Episode 3: Daredevil breaks the prison open
The AVTF agent Karen grabbed in episode 2 turns out not to be a total dead end. He tells Matt and Karen that he wants to defect, and Matt listens to his heartbeat to check whether he is lying. He is satisfied the man is being honest and hands over a keycard for the Red Hook prison.
Elsewhere, Heather Glenn is still fixated on the Muse mask and the trauma left behind by last season’s events. She and McDuffie argue about vigilantes and whether masked people can ever really be good. Heather’s view is predictable enough: Muse almost killed her, and masks give people cover for violence, which explains why she has been so aggressive in the case against Jack Duquesne, a.k.a. Swordsman.
McDuffie is then escorted to Red Hook for a confidential meeting with Jack, and Cole North does not exactly impress anyone by being courteous. Once she reaches Jack, the two talk through the problem that there is not much credible evidence against him. Then again, in this version of New York, that seems more like a technicality than a safeguard.
Jack makes the point bluntly that Fisk probably does not need evidence at all to convict him. The accusation is enough.

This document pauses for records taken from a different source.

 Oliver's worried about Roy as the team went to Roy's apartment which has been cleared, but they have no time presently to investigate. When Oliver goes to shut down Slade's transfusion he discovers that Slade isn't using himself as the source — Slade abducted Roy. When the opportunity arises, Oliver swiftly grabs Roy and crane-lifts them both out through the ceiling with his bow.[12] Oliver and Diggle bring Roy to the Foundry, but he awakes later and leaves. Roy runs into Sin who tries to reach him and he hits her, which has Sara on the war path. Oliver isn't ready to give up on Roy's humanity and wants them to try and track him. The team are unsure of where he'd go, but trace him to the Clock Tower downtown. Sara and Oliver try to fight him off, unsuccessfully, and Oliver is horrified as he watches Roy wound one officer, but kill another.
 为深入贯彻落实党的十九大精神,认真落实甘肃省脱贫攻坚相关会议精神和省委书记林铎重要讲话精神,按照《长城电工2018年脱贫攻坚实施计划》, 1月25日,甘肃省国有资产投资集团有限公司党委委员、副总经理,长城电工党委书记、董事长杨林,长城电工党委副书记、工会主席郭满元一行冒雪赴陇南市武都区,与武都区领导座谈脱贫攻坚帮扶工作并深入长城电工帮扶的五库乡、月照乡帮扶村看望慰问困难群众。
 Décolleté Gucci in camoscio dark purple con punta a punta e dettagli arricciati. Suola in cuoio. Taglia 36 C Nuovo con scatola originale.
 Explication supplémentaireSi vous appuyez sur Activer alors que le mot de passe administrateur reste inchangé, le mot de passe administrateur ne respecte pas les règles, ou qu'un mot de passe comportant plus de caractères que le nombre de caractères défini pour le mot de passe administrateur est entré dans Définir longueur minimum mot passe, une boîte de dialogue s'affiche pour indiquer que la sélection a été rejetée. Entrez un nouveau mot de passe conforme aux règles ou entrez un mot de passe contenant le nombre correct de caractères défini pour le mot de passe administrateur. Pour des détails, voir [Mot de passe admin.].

Fisk is running the city like a dictator, which is a little on the nose, but at least the show is not pretending otherwise.

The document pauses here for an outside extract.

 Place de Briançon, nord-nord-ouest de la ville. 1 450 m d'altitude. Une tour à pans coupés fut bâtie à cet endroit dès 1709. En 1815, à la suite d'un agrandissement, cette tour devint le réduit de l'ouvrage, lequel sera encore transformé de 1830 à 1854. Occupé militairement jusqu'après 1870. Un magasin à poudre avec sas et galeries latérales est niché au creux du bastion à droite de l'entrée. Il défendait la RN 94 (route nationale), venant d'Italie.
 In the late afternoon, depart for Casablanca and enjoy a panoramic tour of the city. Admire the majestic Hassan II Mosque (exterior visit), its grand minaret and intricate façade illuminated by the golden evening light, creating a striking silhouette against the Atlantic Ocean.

That feeds into a major argument between Karen and Matt about whether Fisk should be killed. Karen pushes the idea that it might be the right thing to do. Matt admits he thinks about it every day, but he still hopes the system is “not entirely broken” and says stopping Fisk is as far as they should go. When he reduces it to the most important question, it lands hard: “Would it bring Foggy back?” No, of course it would not. So murder is not the answer, even if the temptation is doing its best to be persuasive.
The Swordsman trial goes exactly the way you would expect in Fisk’s New York. Jack is found guilty of violating the Safer Streets initiative and the anti-vigilante laws, then sent back to Red Hook prison. It is not exactly a shock to the system.
What does shock the prison is Daredevil. Using McDuffie’s description of being marched through the facility, Matt breaks in and listens for the watch he left in the weapons crate on the Northern Star. Once he has the layout, he sets the prisoners free and teams up with Jack for a superbly staged one-take fight against the guards.
The sequence is one of the most satisfying in the season so far, especially because it is not just about Matt beating up soldiers. It is about him breaking people out of a detention center run by Fisk’s enforcers. That does rather change the tone.
Angela also arrives in a White Tiger costume based on her uncle’s gear, and she joins Karen in stealing a military truck so they can get more prisoners out. The resistance, in other words, is no longer operating in whispers.
Of course, Fisk has already started working the other side of the board. He bombs the Northern Star, killing the night crew, and does it at the exact same time as the prison break. The timing makes the frame-up obvious: he can blame Daredevil for the explosion and the deaths, and then sell the whole thing to the public as proof that his crackdown was justified all along.
So yes, Matt manages to free innocent people from a detention facility. Fisk, being Fisk, turns the optics into a weapon anyway. It is almost impressive, in the deeply miserable way that only this character can manage.
The next episode will have plenty to clean up. In the meantime, Matt has gone from resisting in the shadows to open war with the AVTF, and Fisk is already trying to make him look like the villain.